§ **About this task**: In the records below, repeat exactly the lines between the line holding "into four pa..." and the line holding "キュウリが入ったカクテル、久", inclusive, and drop the pictures.

-- Records provided follows --

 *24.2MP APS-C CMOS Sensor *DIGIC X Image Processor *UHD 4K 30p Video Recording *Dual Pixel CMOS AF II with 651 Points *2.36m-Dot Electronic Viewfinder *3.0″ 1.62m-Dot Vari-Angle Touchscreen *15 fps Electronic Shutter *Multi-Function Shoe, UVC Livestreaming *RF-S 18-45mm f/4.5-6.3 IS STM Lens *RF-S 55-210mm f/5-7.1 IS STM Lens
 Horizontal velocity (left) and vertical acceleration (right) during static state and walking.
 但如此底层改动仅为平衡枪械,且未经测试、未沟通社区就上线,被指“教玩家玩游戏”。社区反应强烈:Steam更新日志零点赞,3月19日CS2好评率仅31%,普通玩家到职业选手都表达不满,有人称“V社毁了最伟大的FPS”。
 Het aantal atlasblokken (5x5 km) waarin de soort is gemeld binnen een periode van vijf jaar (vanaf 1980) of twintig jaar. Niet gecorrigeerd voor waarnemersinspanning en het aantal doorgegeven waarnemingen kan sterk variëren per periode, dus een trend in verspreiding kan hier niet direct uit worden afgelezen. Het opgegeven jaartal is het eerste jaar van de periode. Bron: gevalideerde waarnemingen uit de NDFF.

-- Records provided concluded --
-- Records provided follows --

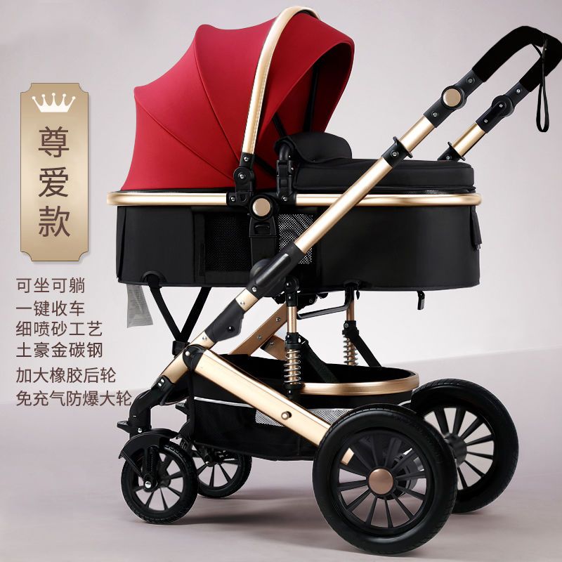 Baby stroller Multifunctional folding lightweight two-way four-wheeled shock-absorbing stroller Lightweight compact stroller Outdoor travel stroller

-- Records provided concluded --
-- Records provided follows --

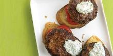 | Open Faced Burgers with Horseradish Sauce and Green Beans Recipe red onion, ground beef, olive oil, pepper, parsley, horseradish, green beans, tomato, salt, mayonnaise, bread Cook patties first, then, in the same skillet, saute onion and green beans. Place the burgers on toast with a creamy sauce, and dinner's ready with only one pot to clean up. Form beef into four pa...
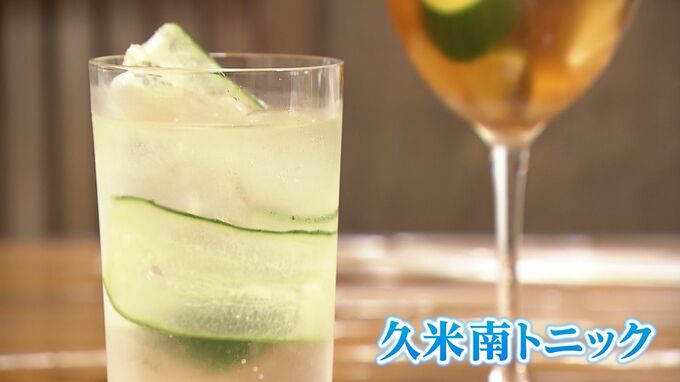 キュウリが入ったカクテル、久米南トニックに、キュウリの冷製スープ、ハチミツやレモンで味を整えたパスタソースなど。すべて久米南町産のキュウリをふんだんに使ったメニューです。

-- Records provided concluded --

§ **Solution for this task**:
 | Open Faced Burgers with Horseradish Sauce and Green Beans Recipe red onion, ground beef, olive oil, pepper, parsley, horseradish, green beans, tomato, salt, mayonnaise, bread Cook patties first, then, in the same skillet, saute onion and green beans. Place the burgers on toast with a creamy sauce, and dinner's ready with only one pot to clean up. Form beef into four pa...
 キュウリが入ったカクテル、久米南トニックに、キュウリの冷製スープ、ハチミツやレモンで味を整えたパスタソースなど。すべて久米南町産のキュウリをふんだんに使ったメニューです。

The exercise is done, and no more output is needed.